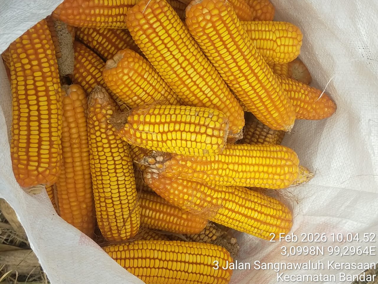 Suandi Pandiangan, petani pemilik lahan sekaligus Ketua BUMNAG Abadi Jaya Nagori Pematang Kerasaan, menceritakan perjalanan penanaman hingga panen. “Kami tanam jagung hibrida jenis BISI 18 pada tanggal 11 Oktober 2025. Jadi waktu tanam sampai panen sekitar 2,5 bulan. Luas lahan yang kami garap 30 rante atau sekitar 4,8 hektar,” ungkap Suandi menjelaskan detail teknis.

==

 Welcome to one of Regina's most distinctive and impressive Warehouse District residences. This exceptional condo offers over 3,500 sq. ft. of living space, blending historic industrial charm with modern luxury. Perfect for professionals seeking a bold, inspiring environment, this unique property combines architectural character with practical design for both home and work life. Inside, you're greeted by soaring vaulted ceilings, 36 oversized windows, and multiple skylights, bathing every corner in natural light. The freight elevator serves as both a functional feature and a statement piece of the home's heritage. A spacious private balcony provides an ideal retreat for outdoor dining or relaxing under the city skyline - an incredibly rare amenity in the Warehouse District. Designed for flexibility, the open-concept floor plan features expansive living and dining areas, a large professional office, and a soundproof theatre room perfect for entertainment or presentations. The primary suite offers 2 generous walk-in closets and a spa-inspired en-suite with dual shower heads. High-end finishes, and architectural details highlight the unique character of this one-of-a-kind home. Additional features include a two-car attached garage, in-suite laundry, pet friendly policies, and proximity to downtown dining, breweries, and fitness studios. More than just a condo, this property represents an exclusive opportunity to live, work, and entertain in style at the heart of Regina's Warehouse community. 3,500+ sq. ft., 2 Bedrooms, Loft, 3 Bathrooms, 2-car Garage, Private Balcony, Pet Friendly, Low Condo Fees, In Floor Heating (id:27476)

--

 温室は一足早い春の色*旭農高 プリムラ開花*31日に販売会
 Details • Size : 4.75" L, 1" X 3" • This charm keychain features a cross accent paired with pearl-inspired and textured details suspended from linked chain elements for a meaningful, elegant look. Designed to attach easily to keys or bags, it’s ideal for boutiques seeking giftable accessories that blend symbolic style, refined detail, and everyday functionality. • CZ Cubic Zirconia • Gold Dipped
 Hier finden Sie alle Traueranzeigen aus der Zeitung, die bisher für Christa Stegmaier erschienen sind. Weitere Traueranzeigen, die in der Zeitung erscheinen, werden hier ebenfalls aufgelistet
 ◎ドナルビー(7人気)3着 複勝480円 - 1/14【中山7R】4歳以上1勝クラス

WHAT THE TASK ASKS:
Copy out only the lines above from the one with "温室は一足早い春の色*旭農高 プリムラ開花*31日に販売会" to the one with "複勝480円 - 1/14【中山7R】4歳以上1勝クラス", inclusive, exactly as they stand.

RESULT:
 温室は一足早い春の色*旭農高 プリムラ開花*31日に販売会
 Details • Size : 4.75" L, 1" X 3" • This charm keychain features a cross accent paired with pearl-inspired and textured details suspended from linked chain elements for a meaningful, elegant look. Designed to attach easily to keys or bags, it’s ideal for boutiques seeking giftable accessories that blend symbolic style, refined detail, and everyday functionality. • CZ Cubic Zirconia • Gold Dipped
 Hier finden Sie alle Traueranzeigen aus der Zeitung, die bisher für Christa Stegmaier erschienen sind. Weitere Traueranzeigen, die in der Zeitung erscheinen, werden hier ebenfalls aufgelistet
 ◎ドナルビー(7人気)3着 複勝480円 - 1/14【中山7R】4歳以上1勝クラス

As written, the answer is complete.